Economics 345 Applied Econometrics Problem Set 7—Solutions

Economics 345
Applied Econometrics
Problem Set 7—Solutions
Prof: Martin Farnham
Problem sets in this course are ungraded. An answer key will be posted on the course
website within a few days of the release of each problem set. As noted in class, it is
highly recommended that you make every effort to complete these problems before
viewing the answer key.
1) Book Problems 7.1-7.3
7.1
i) Yes, there is evidence that men sleep more than women. The point estimate suggests
that men sleep 88 minutes a week more than women, on average, controlling for other
factors included on the RHS. The t-statistic for the null that the coeff on male equals zero
is 87.75/34.33 which is greater than 2. This indicates clear rejection of the null
hypothesis at the 5% level.
Whether this is a big effect is debatable. We’re talking about 13 minutes a night more
sleep than women. Personally, I would consider this a moderate effect.
ii) Yes, there is a statistically significant tradeoff between working and sleeping. Each
extra minute worked per week leads to about 0.16 fewer minutes of sleep per week.
Judging from the t-statistic (for a null of zero) of -0.163/0.018, this is clearly statistically
significant.
iii) Formally, this null hypothesis is H 0 : β age = 0, β age _ squared = 0 . To test the null
hypothesis we need to estimate the restricted and unrestricted form of the regression, and
conduct an F-test. We’ve estimated the unrestricted form already, so to estimate the
restricted form we’d need to estimate
sleep = β 0 + β1totwrk + β 2 educ + β 5 male + v .
7.2
Note that interpreting coefficients on dummies in log-linear specifications is a bit more
complicated than interpreting coefficients on continuous x variables in log-linear
specifications (by “log-linear” I mean a model where the y variable is in logs, but the x
variables are in levels). Your textbook glosses over this point. For small values, the
coefficient estimate on a dummy variable in a log-linear specification, if multiplied by
100, gives roughly the percent change in y associated with changing the dummy from 0 to
1. But if you consult your lecture notes on dummy variables, you’ll realize this
interpretation is only a rough one, and that for large coefficient values, this
interpretation will be far from the truth. Because the estimates here are fairly small,
we’ll stick to the rough interpretation given by your textbook in these answers. But
consider doing the calculation correctly (per the lecture notes) as an exercise.

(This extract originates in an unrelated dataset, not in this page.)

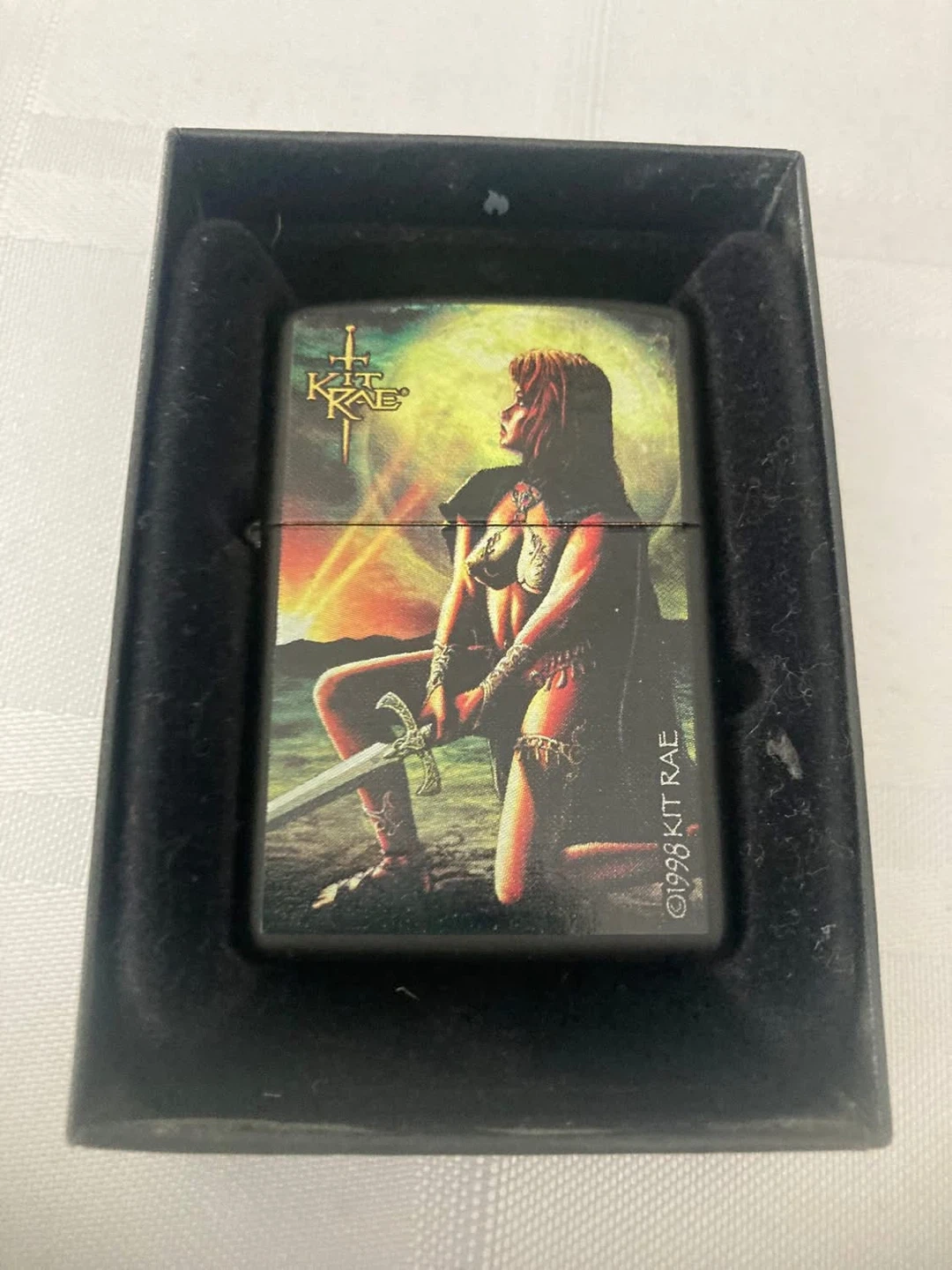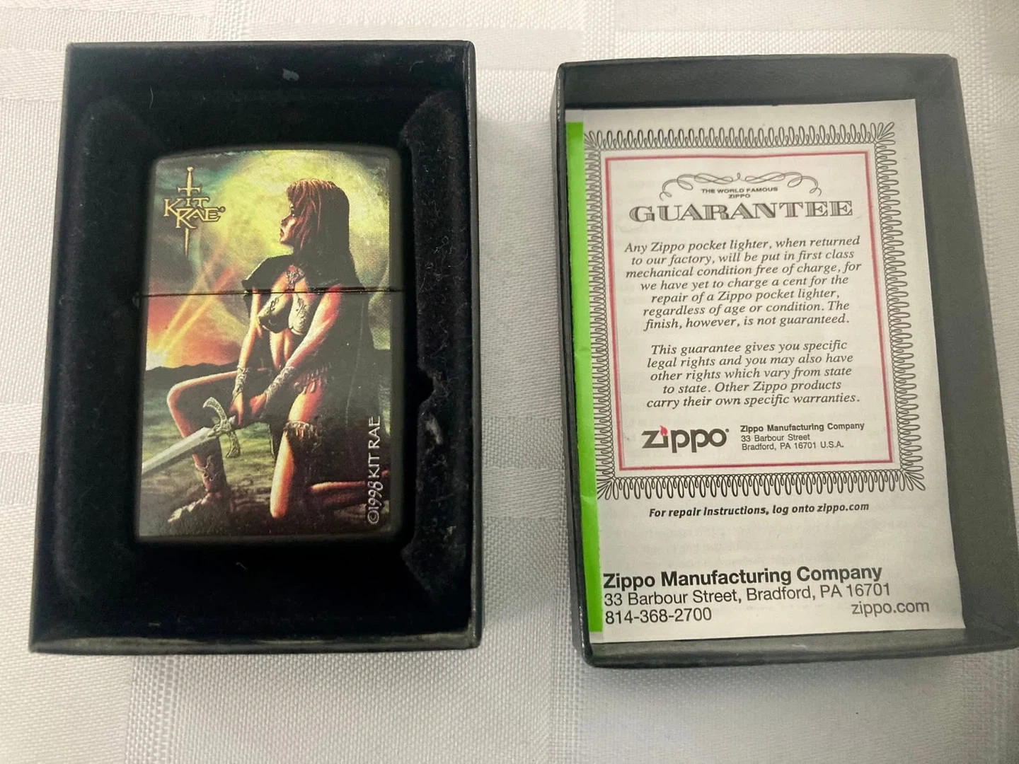 This collectible Zippo lighter features a Kit Rae design and comes complete with its original box and paperwork, showcasing its excellent condition. It's a unique piece for any Zippo enthusiast or collector of fantasy art. This is a used item.

i) The coefficient estimate on cigs suggests that an extra cigarette smoked (on average)
daily during pregnancy will reduce birthweight by 0.44%. This would suggest that an
extra 10 cigarettes per day will reduce birthweight by 4.4%.

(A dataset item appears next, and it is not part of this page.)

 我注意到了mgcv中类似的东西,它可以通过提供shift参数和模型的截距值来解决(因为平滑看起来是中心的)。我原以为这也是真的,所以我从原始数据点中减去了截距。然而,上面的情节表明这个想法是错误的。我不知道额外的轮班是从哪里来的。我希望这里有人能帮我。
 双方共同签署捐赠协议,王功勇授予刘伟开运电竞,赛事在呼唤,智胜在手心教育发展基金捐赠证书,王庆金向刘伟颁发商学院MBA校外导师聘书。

ii) A white child is expected to weigh 5.5% more than a non-white child on average,
holding other factors fixed. Since the t-stat (for a zero null) is 0.55/0.13, this is clearly a
statistically significant effect.
iii) Increases in mother’s education cause lower birth weight (holding other factors
fixed), according to estimates in the second equation. According to the point estimate, an
extra year of mother’s education lowers birthweight by 0.3%. However, this estimate is
not statistically significant. The t-stat (for a null of zero) is about 1.
iv) The sample sizes are different for the two equations. To do an F-test, one could use
the R-squared formula to compare equation 1 (the restricted equation) to equation 2 (the
unrestricted equation). But one must use the same sample of data in estimating each
regression. We can’t use the R-squareds provided here because they are calculated
using different samples. The first sample size is larger, presumably because data are
missing for motheduc and fatheduc (this causes the number of observations to shrink in
the second equation).
The F-test would be easy to conduct if this problem were corrected.
7.3
i) There is pretty strong evidence that hsize2 should be included. With a t-stat greater
than 4, it’s clear that this term is statistically significant.
To find the optimal high school size, you want to find the size that maximizes SAT score.
Take the derivative with respect to hsize and set it equal to zero.
∂sat
= 19.30 − 2(2.19)hsize = 0 . This implies that 4.38(hsize) = 19.30 , or hsize=4.4.
∂hsize
Recalling that hsize is expressed in units of 100s of students, this suggests that a high
school class of approximately 440 maximizes SAT performance.
ii) According to these estimates, nonblack females get a score of 45 points less than
nonblack males, on average. This estimated difference is very statistically significant, as
one can see by comparing the coefficient estimate and its standard error.
To see this most clearly, it helps to write out 1 equation for nonblack females (female=1,
black=0) and 1 equation for nonblack males (female=0, black=0). The difference
between the two (holding hsize constant) is 45.09.
iii) Black males receive a score that is about 170 points less than nonblack males, ceteris
paribus. This result is also highly statistically significant. To state the setup of the
hypothesis test formally
H 0 : βblack = 0
H 1 : βblack ≠ 0
The t-statistic is -169.81/12.71=13.36. This is statistically significant at any
conventional significance level.
iv) Controlling for other conditions, black females score about 107.5 points lower than
non-black females.
To see this, write out the equation for black females:
sat=1028+19.3hsize-2.19hsize2-45.09(1)-169.81(1)+62.31(1)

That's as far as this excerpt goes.